Decorrelate electrical load year from weather year
Changes proposed in this Pull Request
I suggest to decorrelate the electrical load year from the weather year. Up to now, we are using the snapshots as reference configuration to choose the electrical load from OPSD data. But because this load is also used to determine the not modeled part of the electrical load, we need this value to be as accurate as possible. Therefor, we should use a more recent value than the default 2013 value for cutouts.
Checklist
- [x] I tested my contribution locally and it seems to work fine.
- [x] Code and workflow changes are sufficiently documented.
- [ ] Changed dependencies are added to
envs/environment.yaml. - [x] Changes in configuration options are added in all of
config.default.yaml. - [x] Changes in configuration options are also documented in
doc/configtables/*.csv. - [x] A release note
doc/release_notes.rstis added.
I made it optional to take into account thermal senstive loads.

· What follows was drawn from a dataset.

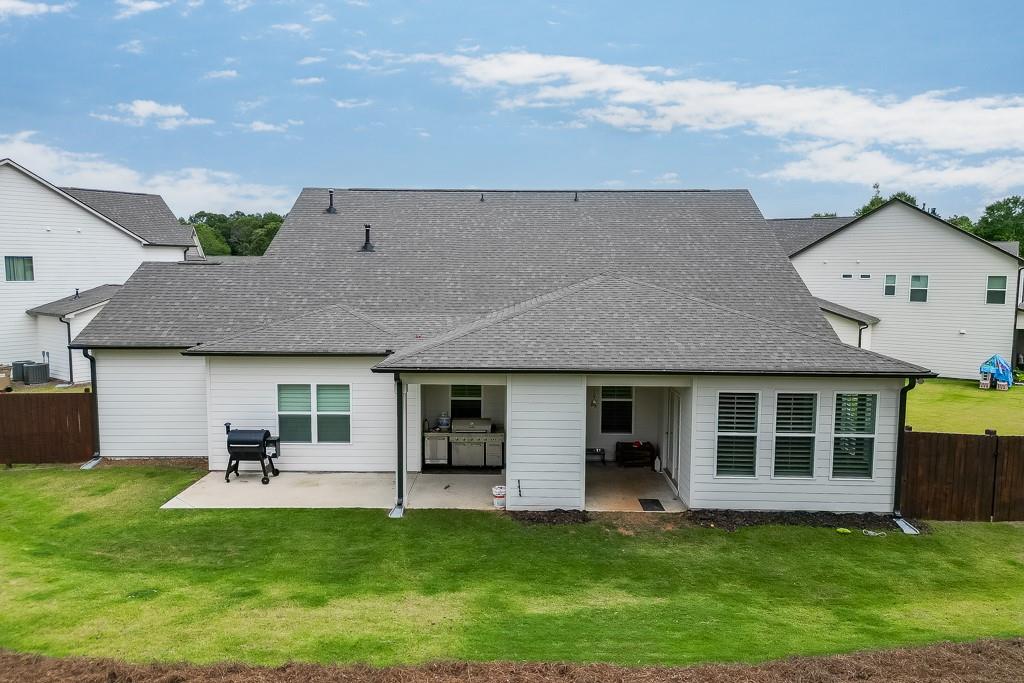 Beautifully upgraded and move-in ready, this Rosewood Lake home offers a highly functional layout with a main-level primary suite and thoughtful design throughout. Inside, you’ll find stylish vinyl plank flooring with no carpet, designer lighting, an upgraded hardware package, and custom plantation shutters that add both charm and convenience. The open-concept kitchen features stainless steel appliances, a tile backsplash, and an oversized walk-in pantry — perfect for everyday living and entertaining. The main-level primary suite boasts a luxurious bath and a spacious closet with direct access to the laundry room — a detail that makes daily routines seamless. Upstairs, enjoy a generous loft space and a private guest suite with a full bath. Outdoor living is just as impressive with a patio extension and outdoor fireplace, overlooking a fully fenced yard for added privacy. Sitting on one of the largest cul-de-sac lots in the neighborhood, the property also includes a rare third-car garage — an upgrade that sets this home apart. Unlike nearby new construction options that often come on smaller lots with limited upgrades, this home delivers space, privacy, and premium features already in place — no need to wait or pay extra for upgrades.

But there is a high correlation between the temperature and the electrical load, isn't there? See for example
taken from https://doi.org/10.3390/en14113351. Seen many such plots over the years, stressing the importance to use correlated data for load and weather (even more so for heating demands)
Thanks @martacki for your reply. The data is indeed highly correlated but here is my problem I need more recent data for electrical load (2013 is way too old) and cutouts are only available for 2013. I have successfully built a europe-2018-era5.nc but computing europe-2018-sarah.nc is much more intensive That is why I suggested to decorrelate both dates. Would you suggest anything else ?

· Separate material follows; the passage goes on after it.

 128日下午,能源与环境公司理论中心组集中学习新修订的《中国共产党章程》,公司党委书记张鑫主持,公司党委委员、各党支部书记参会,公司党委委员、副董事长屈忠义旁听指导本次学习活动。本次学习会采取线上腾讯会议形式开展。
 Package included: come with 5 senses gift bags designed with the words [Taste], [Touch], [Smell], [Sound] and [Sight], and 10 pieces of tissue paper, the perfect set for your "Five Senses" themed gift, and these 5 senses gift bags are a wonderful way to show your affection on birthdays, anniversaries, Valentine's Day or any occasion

I agree, it's hard to build newer solar profiles for other years than 2013 using SARAH-2 data, but you can also use the era5 data for your solar profiles (instead of the SARAH-2 data). If you do this, we suggest to use a correction factor. With this, the correlation of electricity to weather would be accounted for... if this is better than using SARAH-2 data, I cannot tell. Intuitively, I'd say yes, but I am not aware of any research and qualitative analysis.